▸ Data in this exercise:
= Beginning of Section =

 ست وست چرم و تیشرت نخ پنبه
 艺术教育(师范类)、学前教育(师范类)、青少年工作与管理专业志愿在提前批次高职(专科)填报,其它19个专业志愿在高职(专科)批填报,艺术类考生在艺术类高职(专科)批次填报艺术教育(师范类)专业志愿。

= End of Section =
= Beginning of Section =

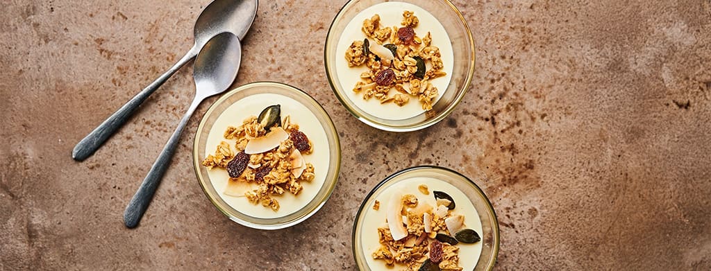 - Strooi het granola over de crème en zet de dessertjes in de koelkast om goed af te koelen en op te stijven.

= End of Section =

▸ Exercise instructions:
Return only the part of the records above that opens with the line containing "ست وست چرم و تیشرت نخ پنبه" and closes with the line containing "艺术教育(师范类)、学前教育", ends included.

▸ Solution below:
 ست وست چرم و تیشرت نخ پنبه
 艺术教育(师范类)、学前教育(师范类)、青少年工作与管理专业志愿在提前批次高职(专科)填报,其它19个专业志愿在高职(专科)批填报,艺术类考生在艺术类高职(专科)批次填报艺术教育(师范类)专业志愿。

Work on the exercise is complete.